Technology moves forward quickly, but the fastest changes occur when the technology is just a few years old.  The Wright Brothers achieved their first brief flight in 1903 and aircraft powered by jet engines came along just 41 years later.  Robert Goddard developed the world’s first liquid-fueled rocket in 1926 and the liquid-fueled Saturn V (burning some highly-refined kerosene to break free of Earth and reach the Moon) had its first launch a mere 37 years later.

Today, technology seems to be moving forward faster than ever before.  Hundreds of millions of people carry more computing power in their pockets than all of the computers used during the entire Apollo program combined.  We mostly use it to check our messages, find photos of cats, and occasionally talk to people.  And this rapid advance in technology has also made recently-developed renewable energy resources much more accessible.  The price of solar panels continue to fall precipitously as the technology to make them becomes more streamlined and efficient.  Wind turbines cost a tenth of what they did just 35 years ago.
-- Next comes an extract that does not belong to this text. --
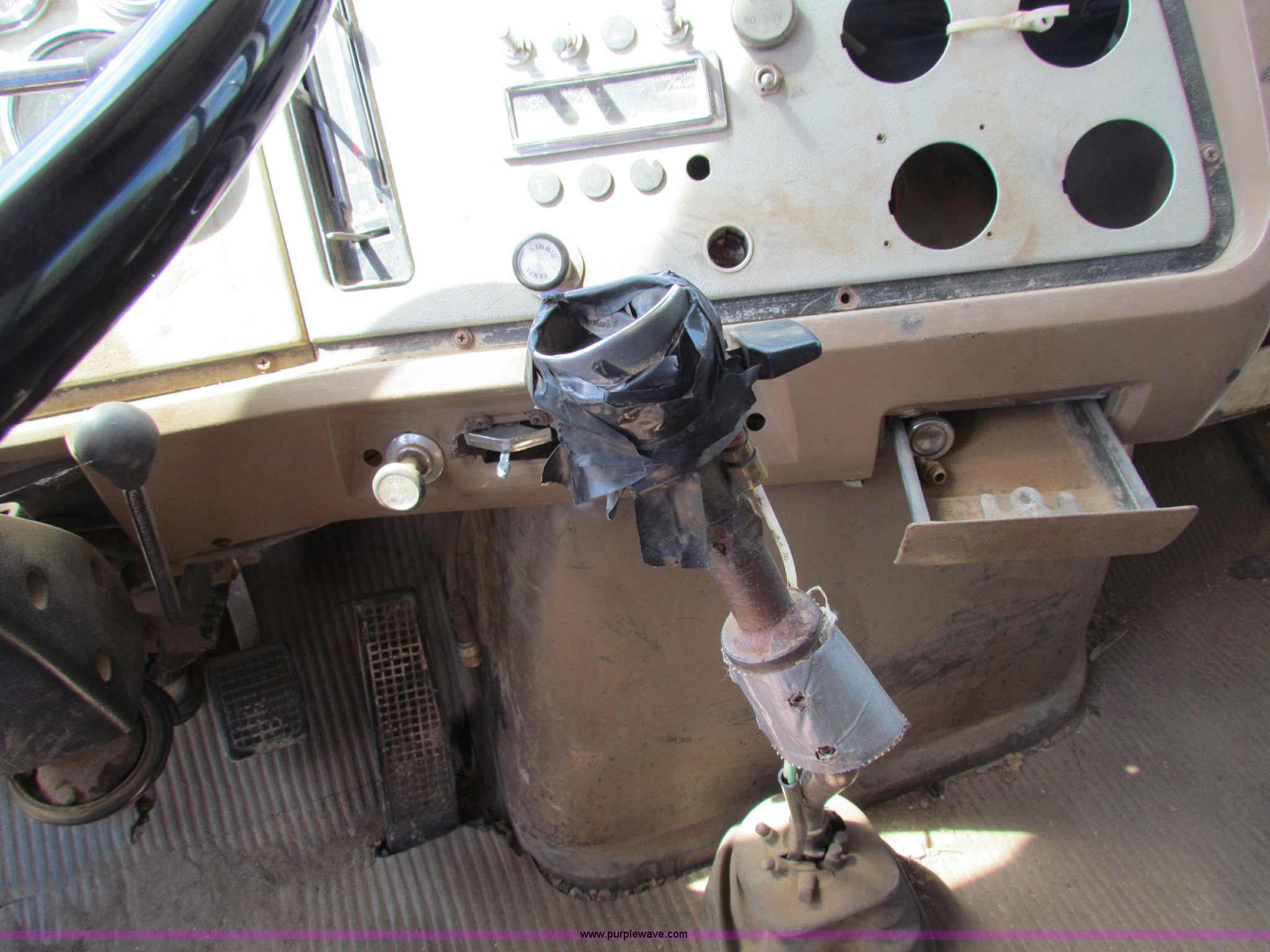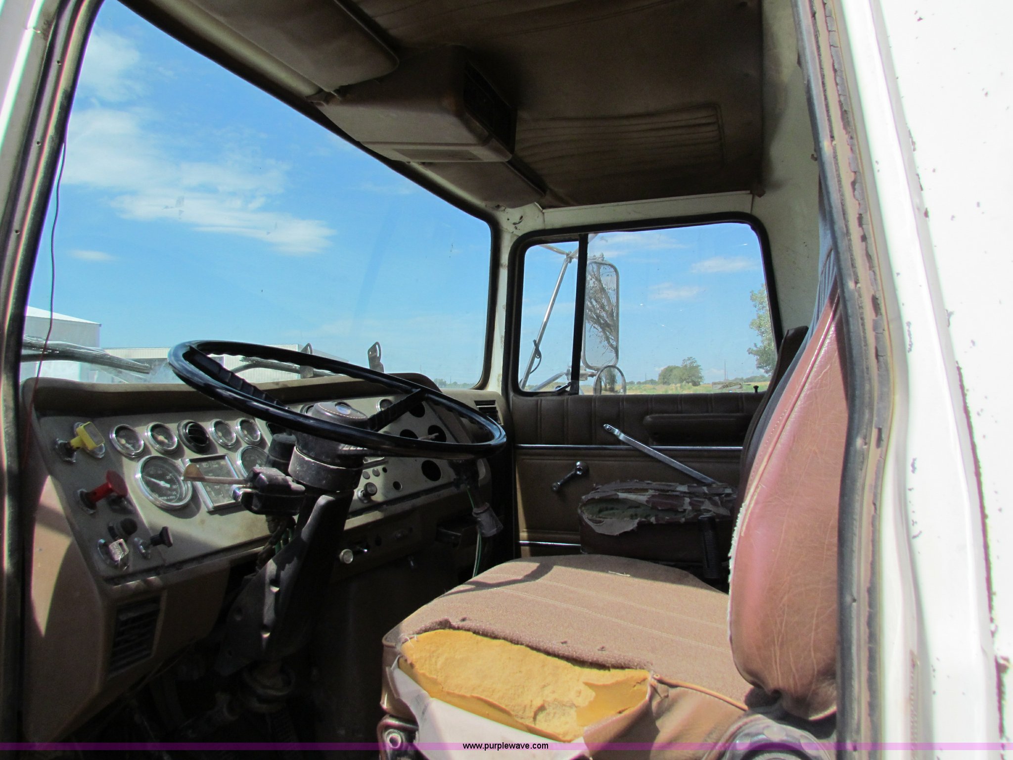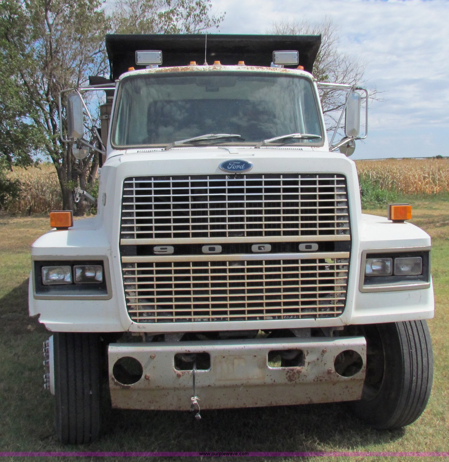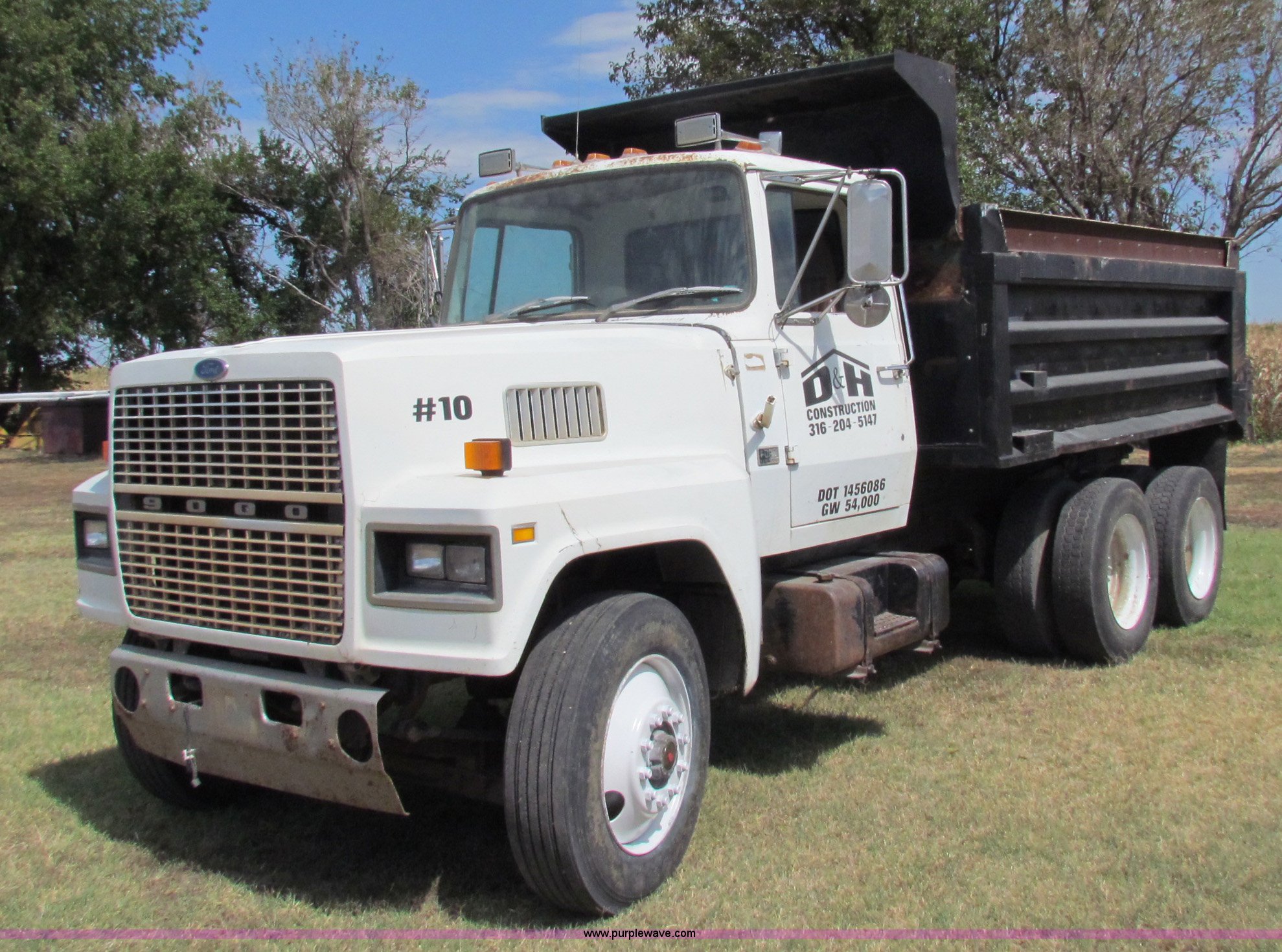 Purple Wave is selling a used Construction Dump Truck in Kansas. This item is a 1989 Ford L9000 dump truck with the following: 659,666 miles on odometer, Cummins L10 diesel engine, 300 HP, Nine speed manual transmission, Twin screw, AC and heat, AC need charged, 13' steel dump bed, Air latch end gate, Air brakes, 11R22.5 front tires, 275/80R24.5 rear tires, Rebuilt lift cylinders

Once the initial burst of innovation and improvement wears off, technologies continue to improve but the improvements taper off, becoming less revolutionary and more incremental.  Airplanes today are more fuel-efficient, more powerful, and have longer range, but the basics of powered flight haven’t changed much since the first jet engine was built.  And 50 years later, the Saturn V is still (for now) the world’s most powerful rocket.  We can probably squeeze some more efficiency out of our fossil fuel technology.  But where we’ll see improvement by leaps and bounds in the next 50 years will be in the young, still-developing technologies of renewable energy.